A Kunitz-type serine proteinase inhibitor: MBmTISINT - Its cloning, expression, purification and biochemical characterization.
Protease inhibitors have been studied as a promising therapeutic strategy for a wide range of diseases. Proteases have pro-inflammatory activity and are often associated with tissue damage. MBmTIsint is a Kunitz-BPTI-type inhibitor, consisting of an inhibitory domain with 57 amino acids and a molecular mass of 6.5 kDa. It is an modified version of BmTIsint, which is a synthetic chimera of two native inhibitors found in the Rhipicephalus microplus tick.

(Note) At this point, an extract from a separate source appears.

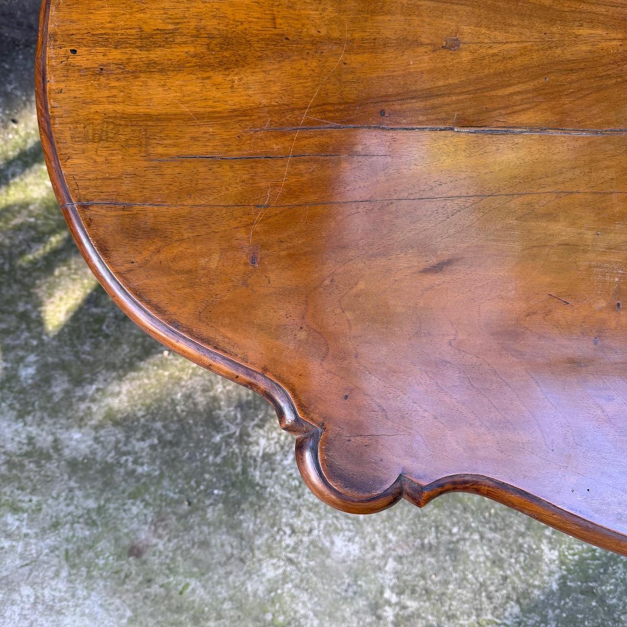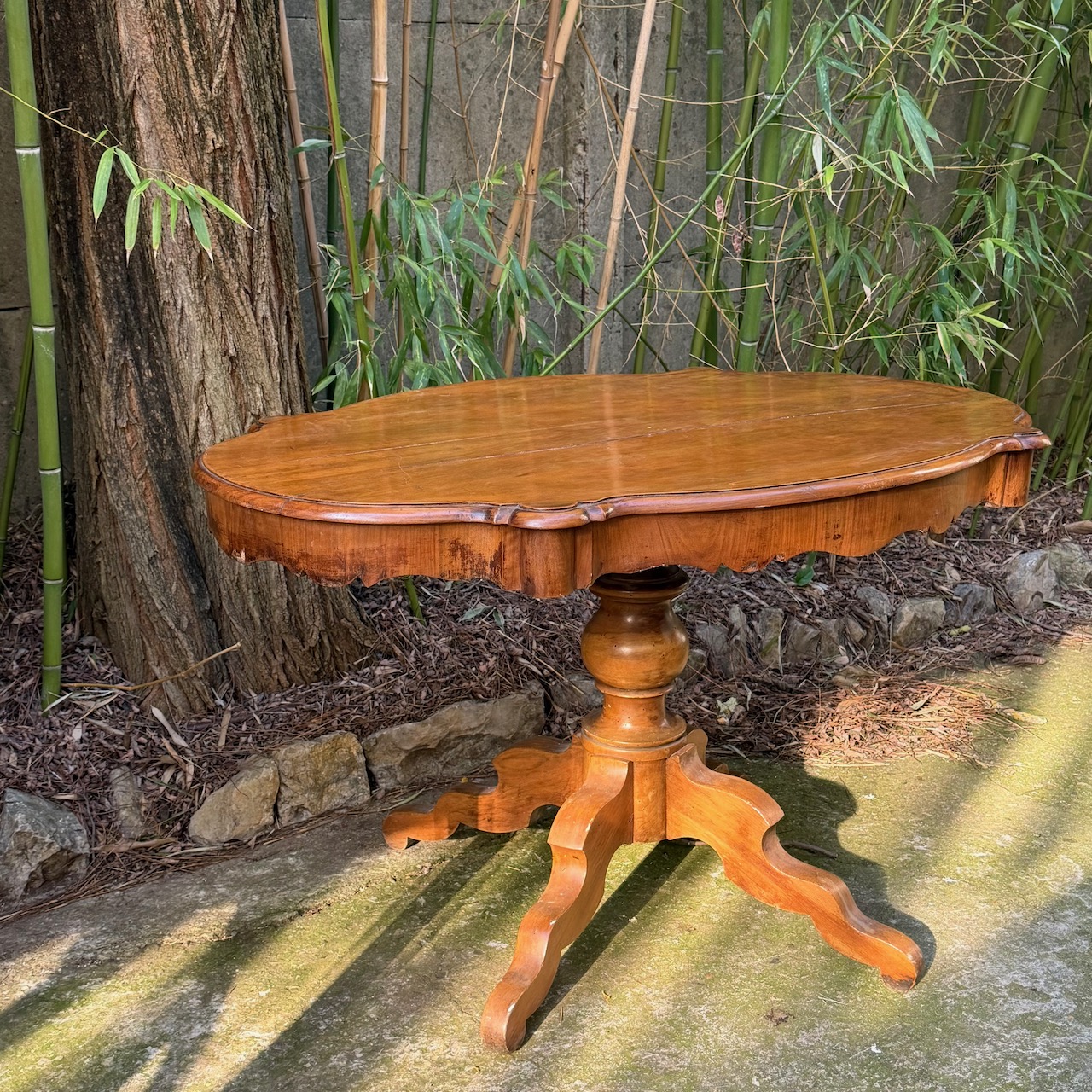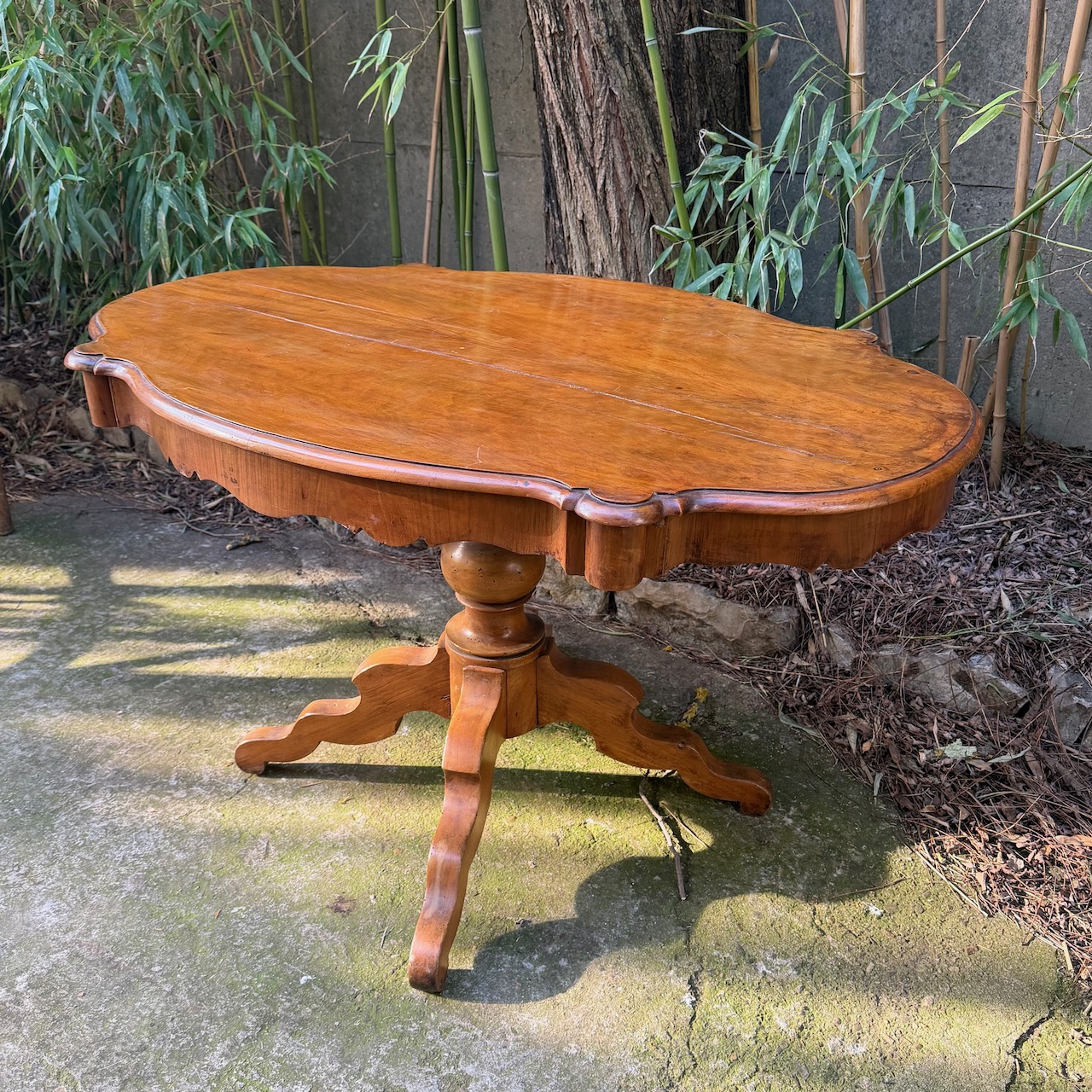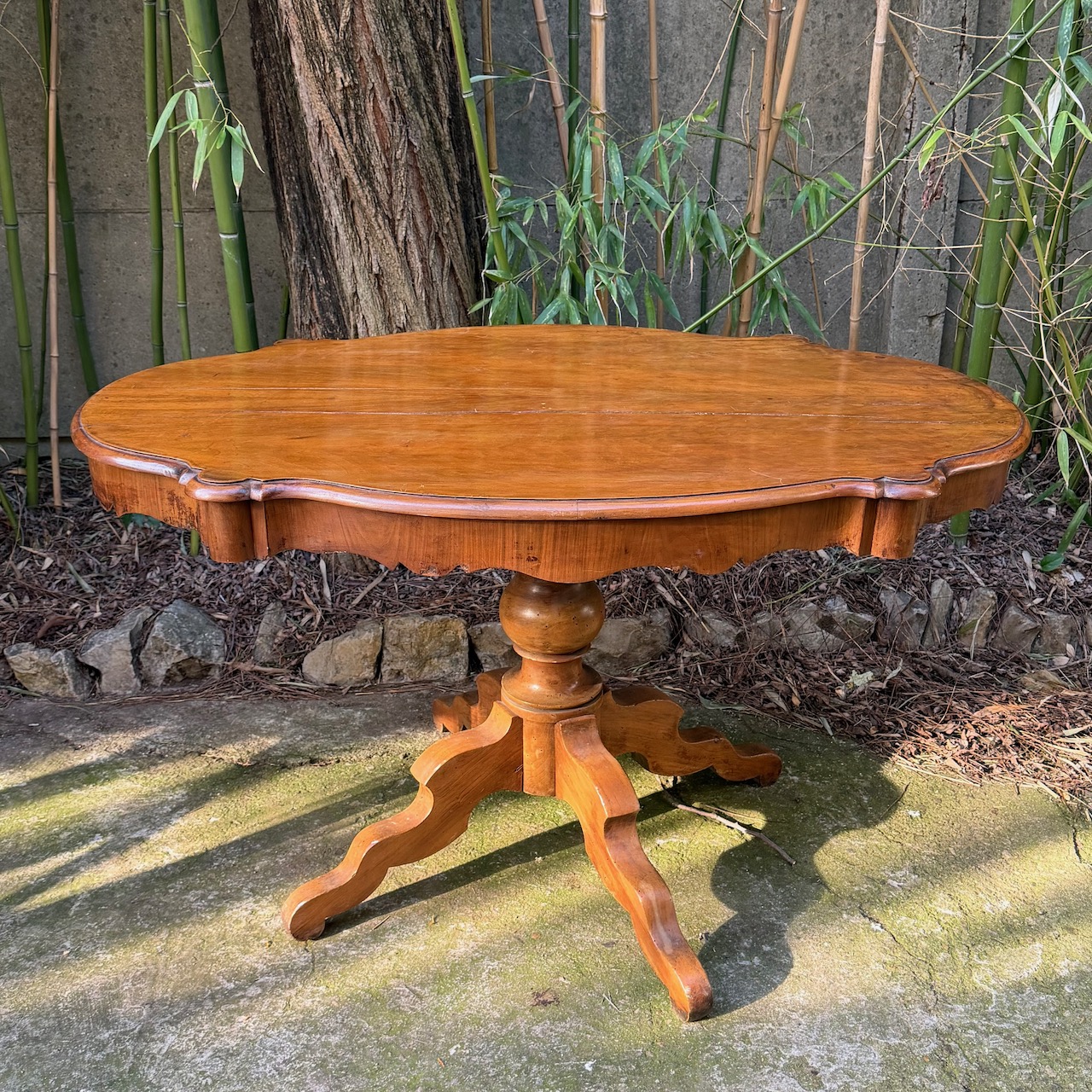 Tavolo da Centro in legno di ciliegio, piano sagomato a biscotto, sostegno centrale tornito su quattro piedi a doppia voluta. Elefante & Lattes. Italia, metà sec. XIX

This work aimed at cloning the gene corresponding to MBmTIsint and its expression in pET26B vector. After expression induction with IPTG, the expression product was purified by affinity chromatography using nickel agarose column and gel-filtration chromatography using G75-Sephadex column, the purity was assessed by SDS-PAGE. It was found that the recombinant protein presented a homogenity increasing during the purification process. Then, enzymatic inhibition tests were performed with bovine pancreatic trypsin. The results showed that MBmTIsint presented a KI in nM range, which demonstrates its inhibitory potential on trypsin.
Another inhibitory activities toward proteases will be investigated in the project.